Utente
Credo che ci creperò con gli acufeni. Così come migliaia di altre persone in tutto il Paese ed in tutto il mondo. La gente si attaccherà alle soluzioni più disparate, convincendosi di sentire sollievi e miglioramenti, ma la verità è che moriranno con quella radiolina accesa nella testa. Non si godrà mai più un silenzio.
E, beh, c'è solo da imparare a conviverci.
Ma una domanda mi viene da porla, anzi, noi tutti 'acufenizzati' vorremmo porla a gran voce.
Perché nessuno sta finanziando una ricerca per curare questa cosa?
O perlomeno per capirla? Non si sa neppure spiegare cosa diavolo sia un acufene, e chi ne soffre si sente condannato dalla frase ''la tomba dell'otorino, l'unica è abituarsi''.

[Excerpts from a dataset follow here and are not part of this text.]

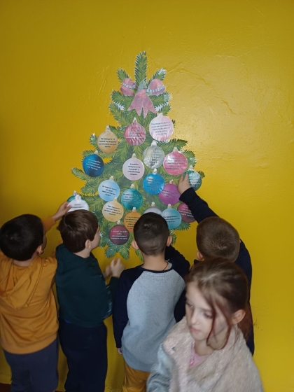 Напередодні зимових канікул діти з ООП долучилися до цікавої та корисної діяльності - прикрашання Ялинки безпеки. Разом з вчителями асистентів діти прикрашали її незвичайними кульками - кожна з них зберігала секрет безпечної зими.
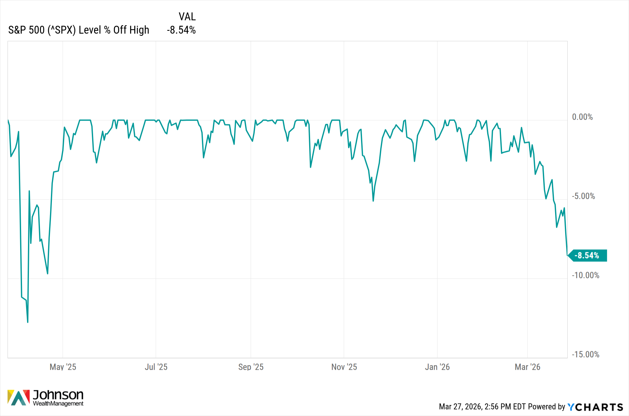The S&P 500—the index of the largest stocks in America—is currently off around 9%.
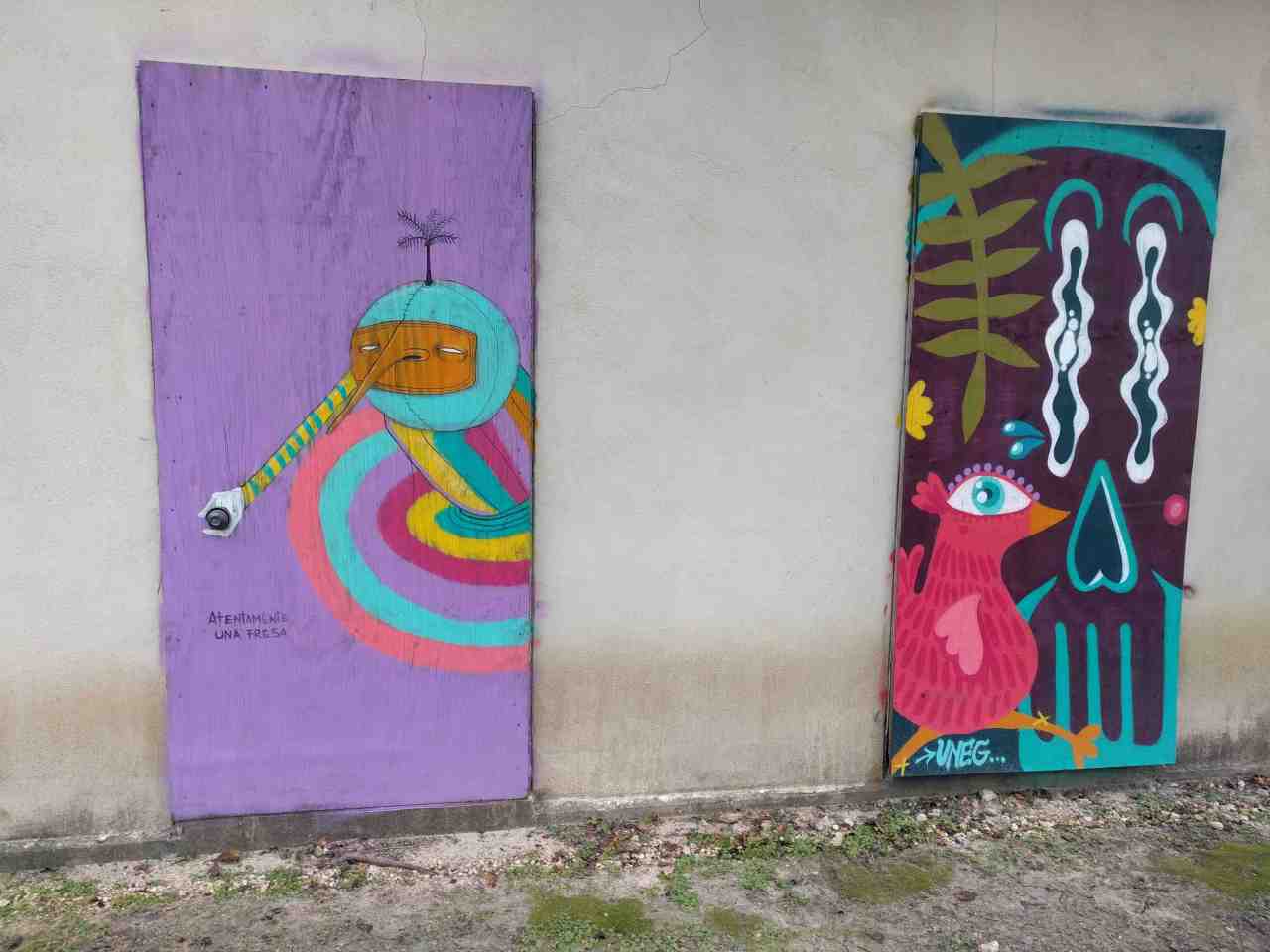 Murals of strange creatures.
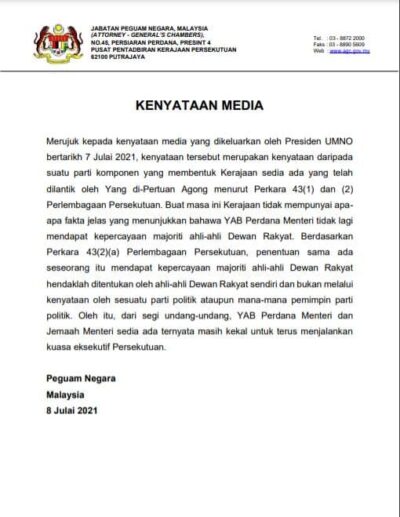 Merujuk kepada kenyataan media yang dikeluarkan oleh Presiden UMNO bertarikh 7 Julai 2021, kenyataan tersebut merupakan kenyataan daripada suatu parti komponen yang membentuk Kerajaan sedia ada yang telah dilantik oleh Yang di-Pertuan Agong menurut Perkara 43(1) dan (2) Perlembagaan Persekutuan.
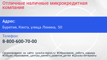 Отличные наличные, микрокредитная компания по адресу Бурятия, Кяхта, улица Ленина, 50 в дальнейшем Организация, размещена в следующих категориях:
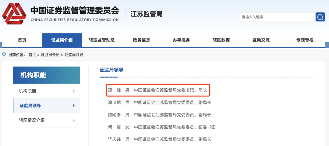 凌峰,现任中国证监会江苏证监局党委书记、局长,曾任贵州证监局党委书记、局长。
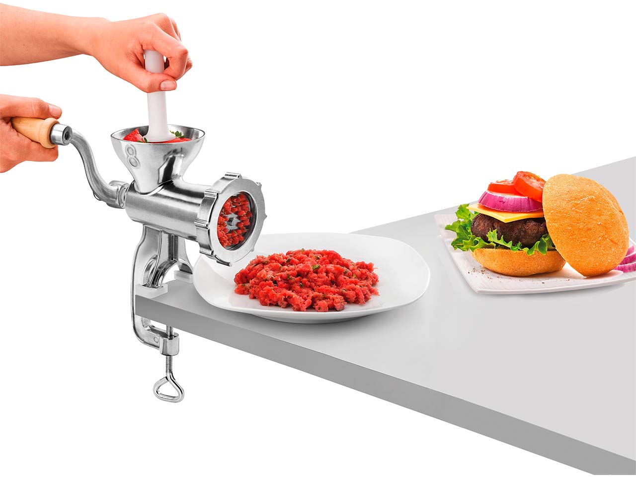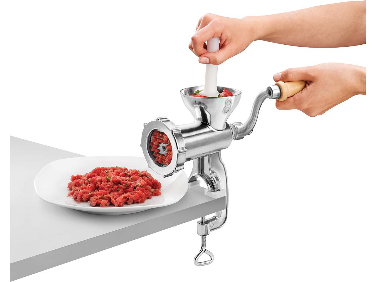 - Mit stabiler Tischbefestigung und Holzkurbel
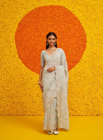 This radiant saree in mustard yellow is a true embodiment of traditional grace with a modern twist. The lightweight fabric is adorned with delicate floral motifs, in striking purple, scattered throughout, creating an intricate pattern that exudes charm and elegance. The highlight of the saree is the deep purple border, embellished with detailed embroidery and scalloped edges, adding a regal contrast to the vibrant mustard hue.
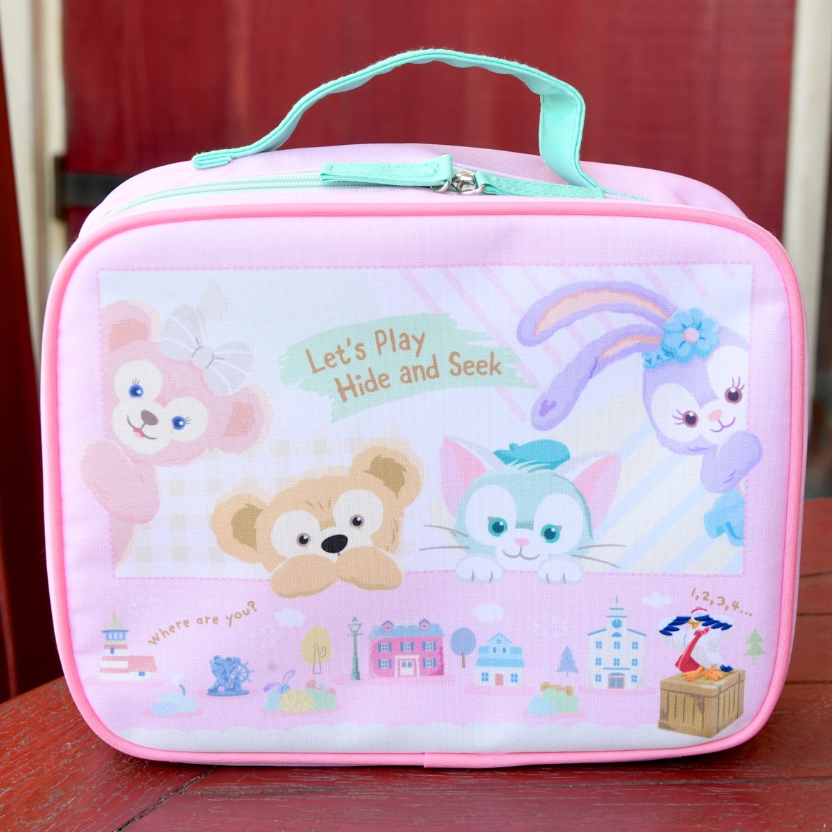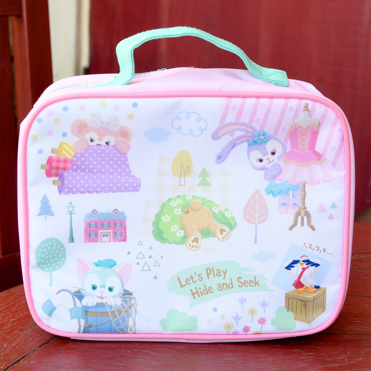 「ダッフィー」、「シェリーメイ」、「ジェラトーニ」、「ステラ・ルー」がかくれんぼをする姿がデザインされています☆

Gli acufeni rovinano la vita! Se a qualcuno questa notizia giungesse nuova, che si faccia un giro nei forum sull'argomento.. e leggerà quanto soffre la gente.
Siamo capaci di ridare l'udito, la vista, cambiare sesso, clonare, addirittura sta per essere terminato il progetto per la protesi della mano che percepisce il tatto!
Ma che non ci sia NESSUNO che stia finanziando una ricerca su un dannatissimo fischio (se si è fortunati, altrimenti sciame d'api) perpetuo è RIDICOLO.
Niente, non ho alte domande, se non PERCHE' non posso neppure avere mezza misera speranza che un giorno la cura si trovi..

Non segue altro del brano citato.